### Problem to solve:
Each line of the material below is to be written out exactly. Leave out any picture.

### Data excerpt:
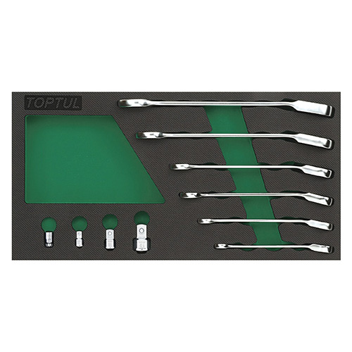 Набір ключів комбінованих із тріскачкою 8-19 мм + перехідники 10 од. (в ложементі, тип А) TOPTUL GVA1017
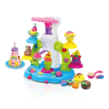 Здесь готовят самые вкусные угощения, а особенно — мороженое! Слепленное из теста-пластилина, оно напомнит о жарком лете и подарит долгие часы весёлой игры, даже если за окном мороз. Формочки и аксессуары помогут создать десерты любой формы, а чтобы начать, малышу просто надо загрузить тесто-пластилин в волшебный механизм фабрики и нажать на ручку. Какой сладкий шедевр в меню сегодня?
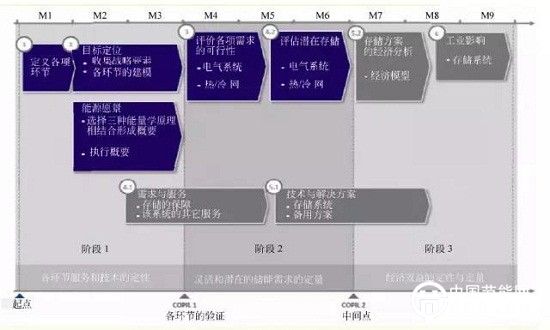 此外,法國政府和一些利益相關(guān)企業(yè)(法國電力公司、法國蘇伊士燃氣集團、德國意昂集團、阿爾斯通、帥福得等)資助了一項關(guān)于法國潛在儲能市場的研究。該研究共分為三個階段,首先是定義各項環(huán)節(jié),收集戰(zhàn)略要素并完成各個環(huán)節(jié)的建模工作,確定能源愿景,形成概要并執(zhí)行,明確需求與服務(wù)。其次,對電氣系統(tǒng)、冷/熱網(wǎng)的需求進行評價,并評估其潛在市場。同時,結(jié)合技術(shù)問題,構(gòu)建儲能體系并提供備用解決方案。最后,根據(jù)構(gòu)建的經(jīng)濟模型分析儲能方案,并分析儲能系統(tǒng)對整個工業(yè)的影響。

### Written reply:
 Набір ключів комбінованих із тріскачкою 8-19 мм + перехідники 10 од. (в ложементі, тип А) TOPTUL GVA1017
 Здесь готовят самые вкусные угощения, а особенно — мороженое! Слепленное из теста-пластилина, оно напомнит о жарком лете и подарит долгие часы весёлой игры, даже если за окном мороз. Формочки и аксессуары помогут создать десерты любой формы, а чтобы начать, малышу просто надо загрузить тесто-пластилин в волшебный механизм фабрики и нажать на ручку. Какой сладкий шедевр в меню сегодня?
 此外,法國政府和一些利益相關(guān)企業(yè)(法國電力公司、法國蘇伊士燃氣集團、德國意昂集團、阿爾斯通、帥福得等)資助了一項關(guān)于法國潛在儲能市場的研究。該研究共分為三個階段,首先是定義各項環(huán)節(jié),收集戰(zhàn)略要素并完成各個環(huán)節(jié)的建模工作,確定能源愿景,形成概要并執(zhí)行,明確需求與服務(wù)。其次,對電氣系統(tǒng)、冷/熱網(wǎng)的需求進行評價,并評估其潛在市場。同時,結(jié)合技術(shù)問題,構(gòu)建儲能體系并提供備用解決方案。最后,根據(jù)構(gòu)建的經(jīng)濟模型分析儲能方案,并分析儲能系統(tǒng)對整個工業(yè)的影響。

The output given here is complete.